(Material to process Opens)

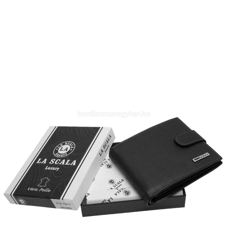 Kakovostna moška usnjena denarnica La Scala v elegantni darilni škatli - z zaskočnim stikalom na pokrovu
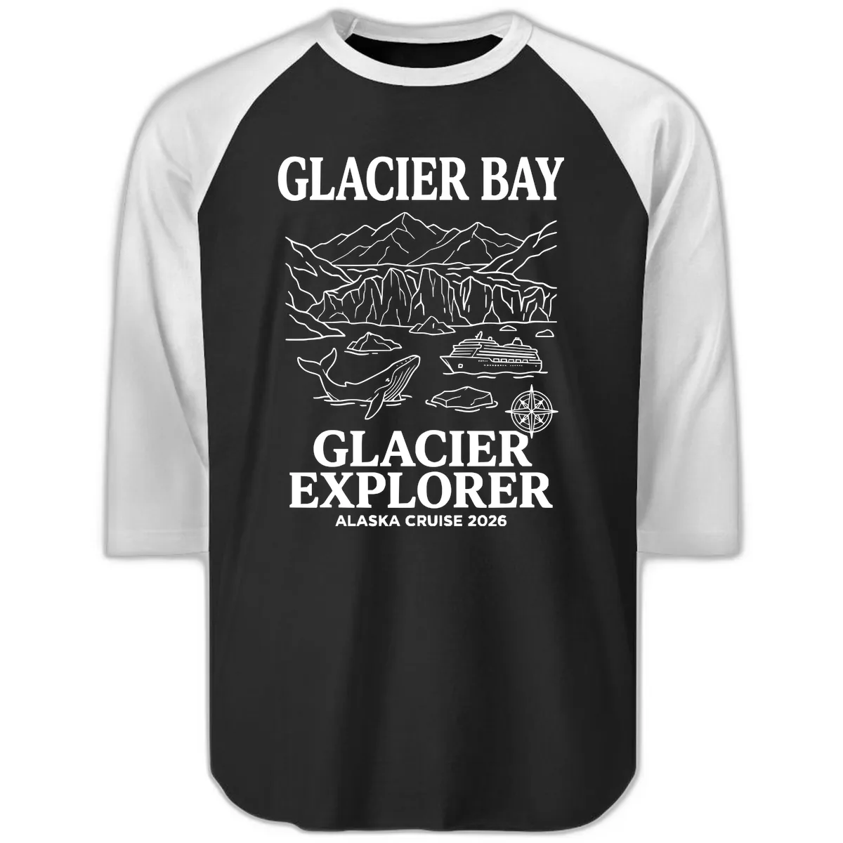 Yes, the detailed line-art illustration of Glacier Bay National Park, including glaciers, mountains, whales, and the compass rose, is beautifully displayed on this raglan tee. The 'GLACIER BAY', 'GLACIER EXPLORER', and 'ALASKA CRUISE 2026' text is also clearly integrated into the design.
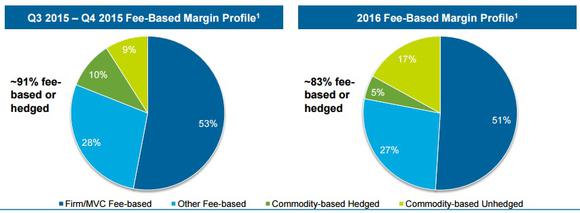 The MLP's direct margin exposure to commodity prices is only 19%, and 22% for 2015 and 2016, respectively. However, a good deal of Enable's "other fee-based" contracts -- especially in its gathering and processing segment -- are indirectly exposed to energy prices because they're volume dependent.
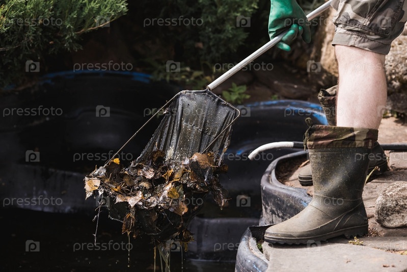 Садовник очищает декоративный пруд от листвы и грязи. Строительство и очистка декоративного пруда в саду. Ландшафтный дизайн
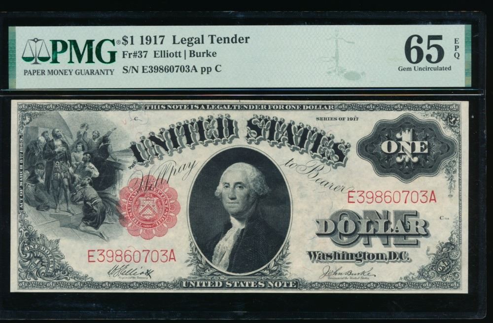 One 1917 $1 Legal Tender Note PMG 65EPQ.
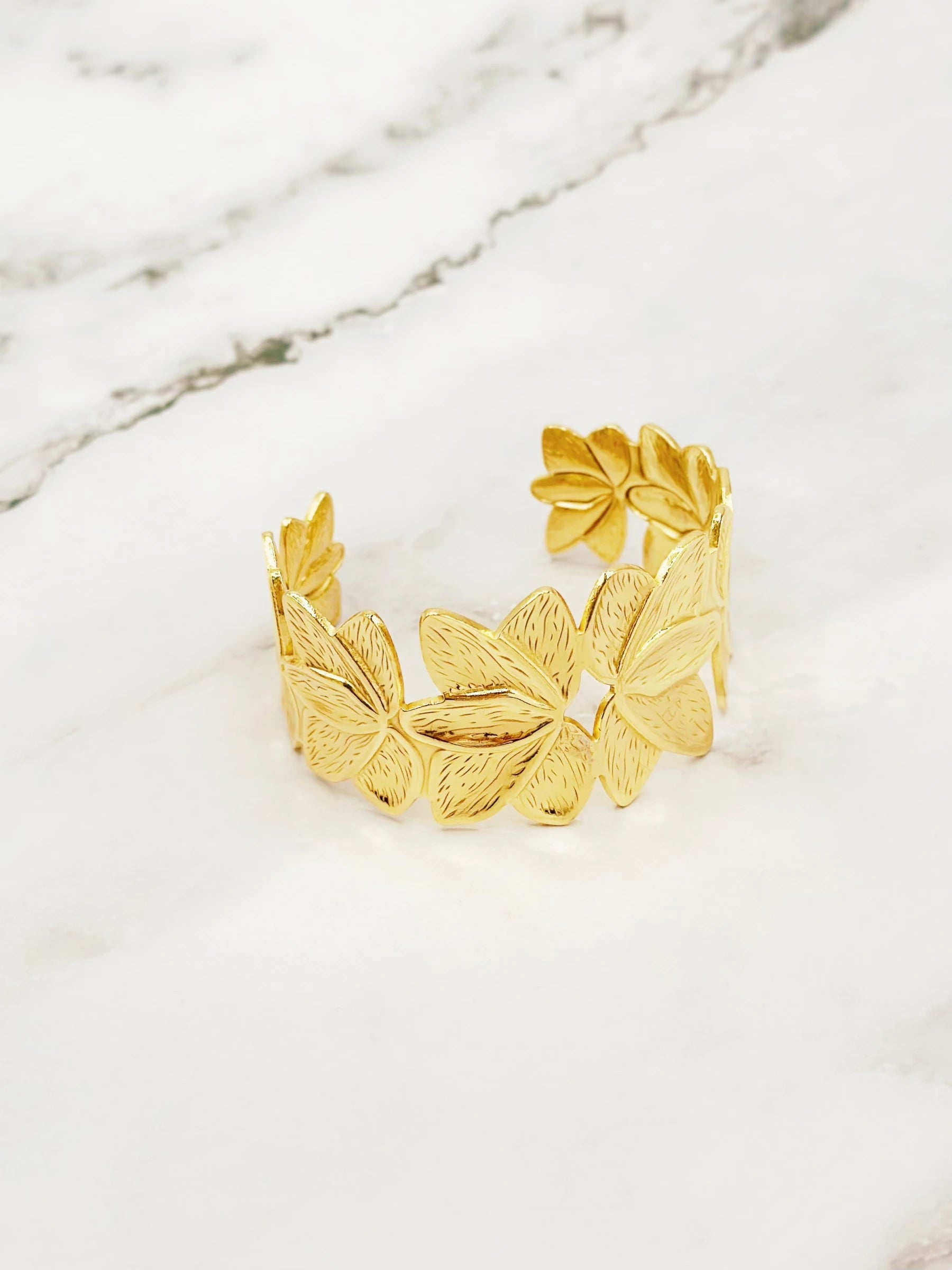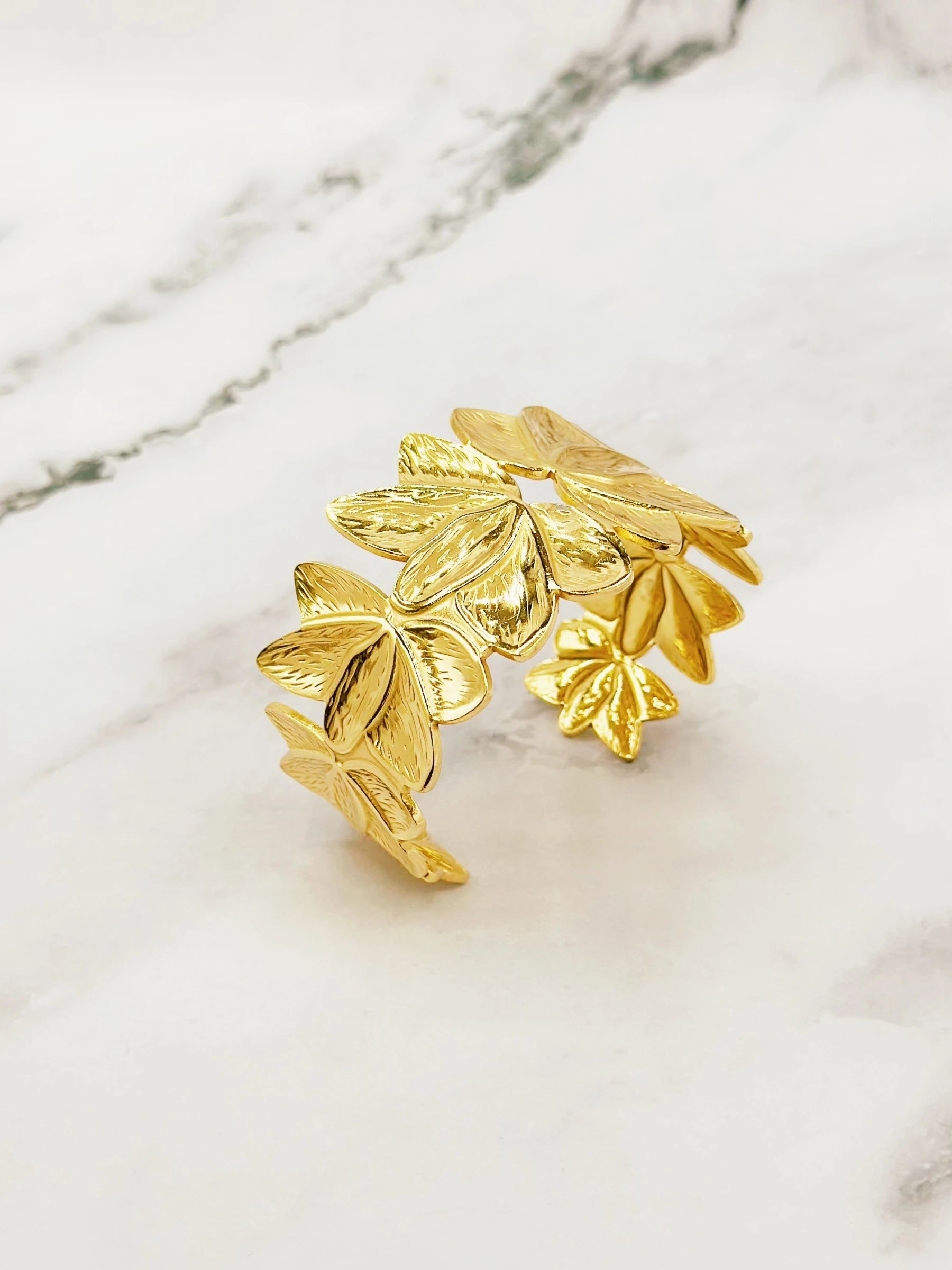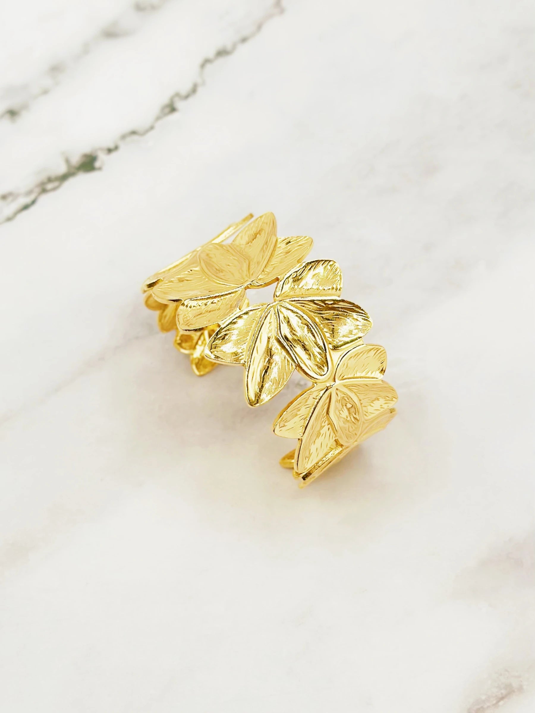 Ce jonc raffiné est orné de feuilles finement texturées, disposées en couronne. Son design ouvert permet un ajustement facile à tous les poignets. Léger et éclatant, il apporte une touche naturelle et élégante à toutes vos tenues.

(Material to process Closes)
(Material to process Opens)

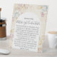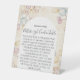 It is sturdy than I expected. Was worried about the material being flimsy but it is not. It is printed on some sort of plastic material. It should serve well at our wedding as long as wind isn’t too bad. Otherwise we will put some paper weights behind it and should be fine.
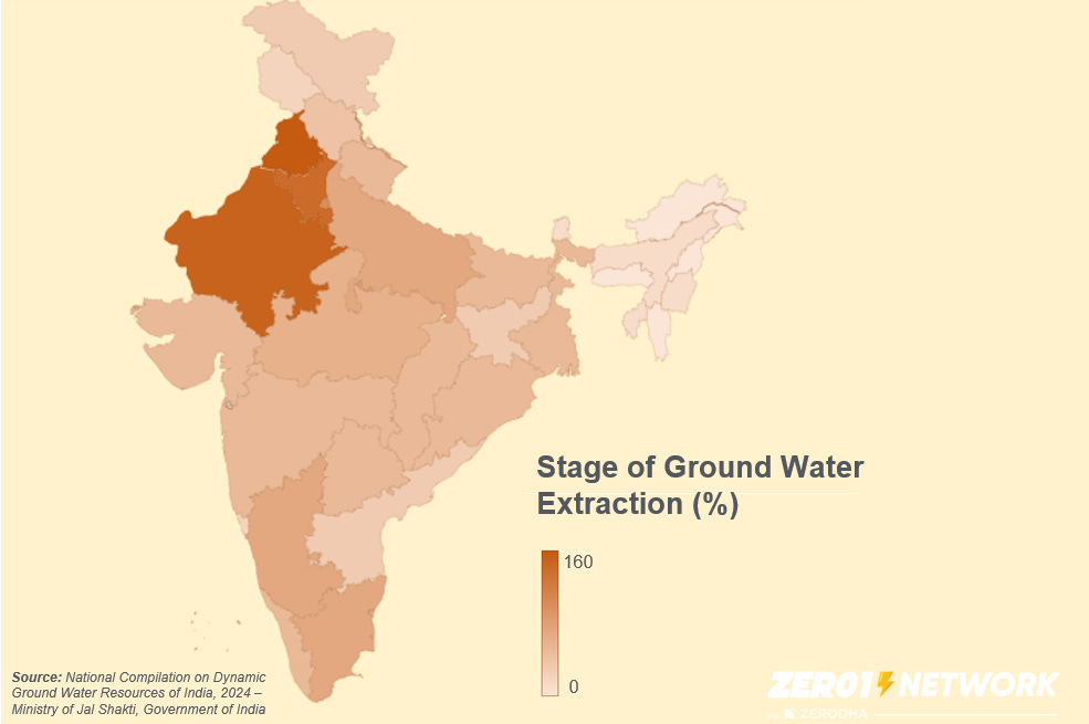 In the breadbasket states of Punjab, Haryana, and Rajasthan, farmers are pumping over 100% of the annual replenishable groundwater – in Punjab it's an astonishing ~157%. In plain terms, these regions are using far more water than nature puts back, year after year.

(Material to process Closes)
(Material to process Opens)

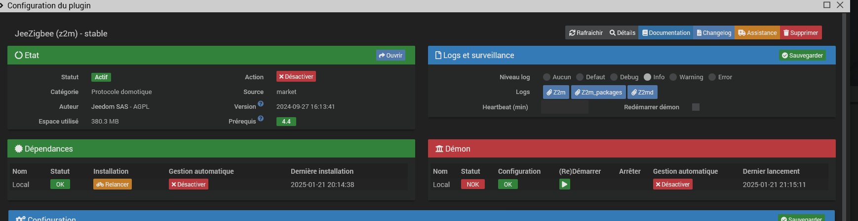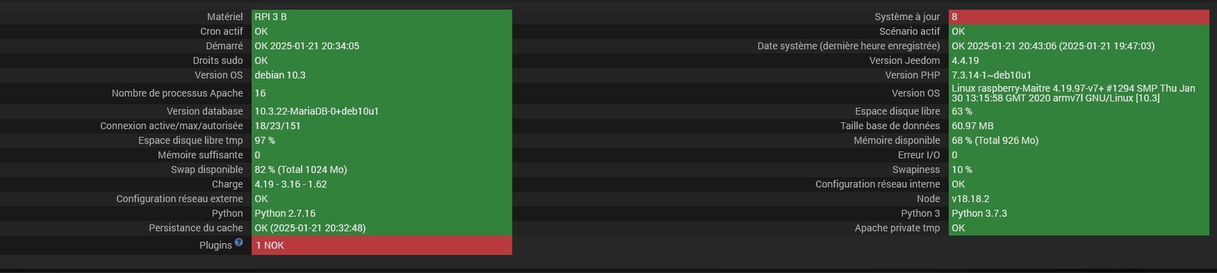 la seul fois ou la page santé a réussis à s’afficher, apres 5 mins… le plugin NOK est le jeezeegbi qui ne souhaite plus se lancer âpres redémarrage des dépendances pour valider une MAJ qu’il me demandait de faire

(Material to process Closes)

**Exercise details**. Your copy should hold only the lines above from the one containing "Kakovostna moška usnjena" through the one containing "Ce jonc raffiné", exactly as written and free of pictures.

**Answer section**.
 Kakovostna moška usnjena denarnica La Scala v elegantni darilni škatli - z zaskočnim stikalom na pokrovu
 Yes, the detailed line-art illustration of Glacier Bay National Park, including glaciers, mountains, whales, and the compass rose, is beautifully displayed on this raglan tee. The 'GLACIER BAY', 'GLACIER EXPLORER', and 'ALASKA CRUISE 2026' text is also clearly integrated into the design.
 The MLP's direct margin exposure to commodity prices is only 19%, and 22% for 2015 and 2016, respectively. However, a good deal of Enable's "other fee-based" contracts -- especially in its gathering and processing segment -- are indirectly exposed to energy prices because they're volume dependent.
 Садовник очищает декоративный пруд от листвы и грязи. Строительство и очистка декоративного пруда в саду. Ландшафтный дизайн
 One 1917 $1 Legal Tender Note PMG 65EPQ.
 Ce jonc raffiné est orné de feuilles finement texturées, disposées en couronne. Son design ouvert permet un ajustement facile à tous les poignets. Léger et éclatant, il apporte une touche naturelle et élégante à toutes vos tenues.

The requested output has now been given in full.